Months after Kayla Mueller’s death, Obama announces new hostage policy

Prescott resident Kayla Mueller was 26 when she was kidnapped in Syria by ISIS militants in August 2013. She died in February while in ISIS custody. (Photo courtesy CNN)

A sign in Prescott urges support for Kayla Mueller, who died in February while a hostage of ISIS. A new White House policy aims to help the government better deal with families of hostages. (Photo by Hunter Marrow)

Kayla Mueller was in Syria doing humanitarian work when she was taken hostage in 2013. In letters to her family, she noted her faith in God and wrote that “even in prison, one can be free.” (Photo courtesy Mueller family)

WASHINGTON – The White House on Wednesday announced a new policy on how it deals with foreign hostage-takers and “in particular its interaction and communication with families whose loved ones have been taken hostage.”

President Barack Obama’s executive order implementing Presidential Policy Directive 30 comes four months after former Prescott resident Kayla Mueller died while being held by ISIS militants, who had held her hostage since August 2013.

Presidential Policy Directive 30

The administration’s new plan for coordinating the government’s response to hostage-taking includes:

  • A reiteration of the “no concessions” policy, while making clear that does not mean “no communication” with families of hostages.
  • Improved communication with families of hostages.
  • A call for appropriate warnings and security information for travelers, and preventive training to government workers abroad.
  • Creation of the Hostage Recovery Fusion Cell and the Hostage Response Group, permanent interagency bodies responsible for coordinating the recovery of hostages.
  • Creation of a family engagement coordinator, a senior position in the administration who will be the point of contact for families of hostages.
  • An assurance that the Justice Department does not intend to prosecute families that attempt to recover hostages through ransom or concessions.
  • The Mueller family did not immediately respond to request for comment on the White House policy change Wednesday.

    Obama had ordered a review of U.S. policy on hostages in December.
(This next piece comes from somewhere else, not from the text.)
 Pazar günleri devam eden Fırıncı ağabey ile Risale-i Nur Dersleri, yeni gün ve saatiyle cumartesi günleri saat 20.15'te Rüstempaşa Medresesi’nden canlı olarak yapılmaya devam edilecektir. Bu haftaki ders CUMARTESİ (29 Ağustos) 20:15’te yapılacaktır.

In unveiling the results of that review Wednesday, he said more than 80 Americans have been taken hostage since 9/11 and more than half had come home – and “tragically” some had not.

    The new policy reaffirms the government’s long-standing insistence that it will not make concessions to hostage-takers, because of the belief that paying ransom only encourages the taking of more American hostages.
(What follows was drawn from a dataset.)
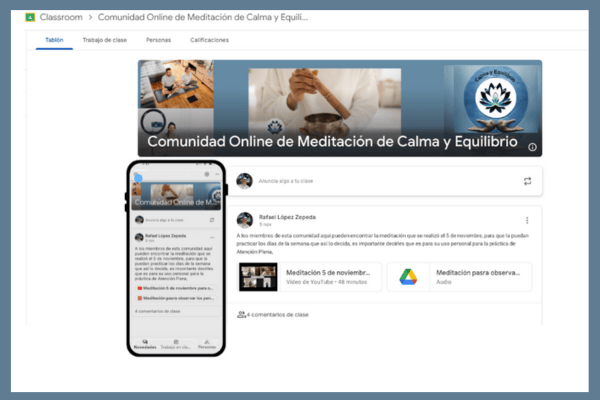 Se utilizará la plataforma Google Classroom que puedes ver en estas imágenes para alojar los videos de las meditaciones grabadas, mismas que se mantendrán durante una semana.

    But the White House Report on Hostage Policy calls for sharing more information and creating better lines of communication between hostage families and the federal government.

    It calls for the creation of a Hostage Response Group and a Hostage Recovery Fusion Cell, which would both enable senior officials across the government to better collaborate on developing hostage recovery plans. The directive would also establish a new position of a point person to deal specifically with hostages’ families.
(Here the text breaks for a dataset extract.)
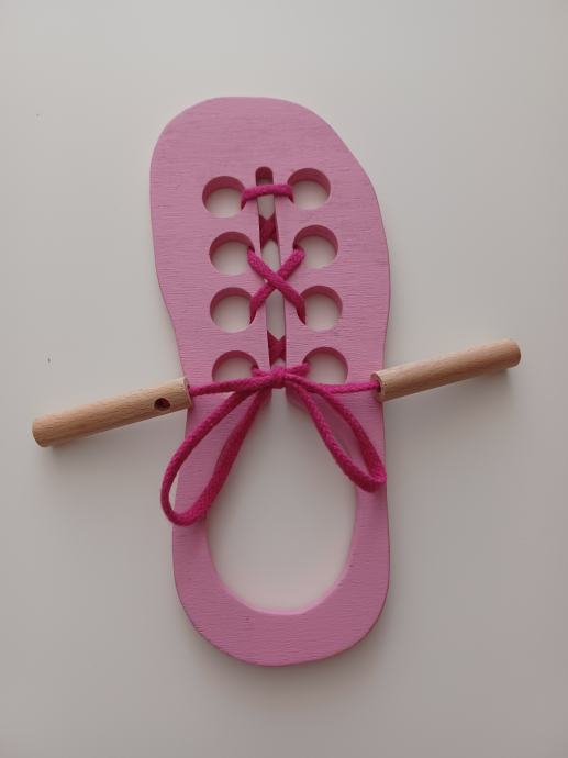 Didaktička drvena igračka za razvijanje motorike, učenje boja i vezanja vezica.

    Much of the policy, “Presidential Policy Directive (PPD) 30, U.S. Nationals Taken Hostage Abroad and Personnel Recovery Efforts,” was created at the urging of hostage families, Obama said Wednesday.

    “I thank them for sharing their experiences and their ideas with our review team,” Obama said, according to a White House transcript of his remarks. “In fact, many of the changes that we are announcing today are a direct result of their recommendations.”

    Obama also said he had just spent time with some of the families in “a very emotional meeting” at the White House.

    Rep. Paul Gosar, R-Prescott, had been critical of the administration’s handling of the Mueller crisis, but said Wednesday that he supports efforts by the administration to better engage the families of hostages.

    “In the wake of increased kidnappings of American citizens abroad – including Prescott, Arizona, native Kayla Muller – I am supportive of efforts to re-examine how the government works with victims’ families during hostage situations,” Gosar said in emailed statement.

    But he also criticized what he called “drastic inconsistencies in this administration’s foreign policy.”

    “In the past year alone, the president has said the United States does not negotiate with terrorists, yet he acted to trade five senior Taliban leaders for one U.S. military captive, in contravention of U.S. law,” Gosar said.

    Sen. John McCain, R-Arizona, also criticized the new White House policy, saying it does not go far enough to reassure families that they will not be punished for working to free their captive family members.

    “The fact that there is no clear-cut, written policy on whether those who assist in paying a ransom would be prosecuted leaves a troubling lack of clarity for families trying to get their loved ones home,” McCain said in a statement on his office website.

    The new policy takes effect immediately.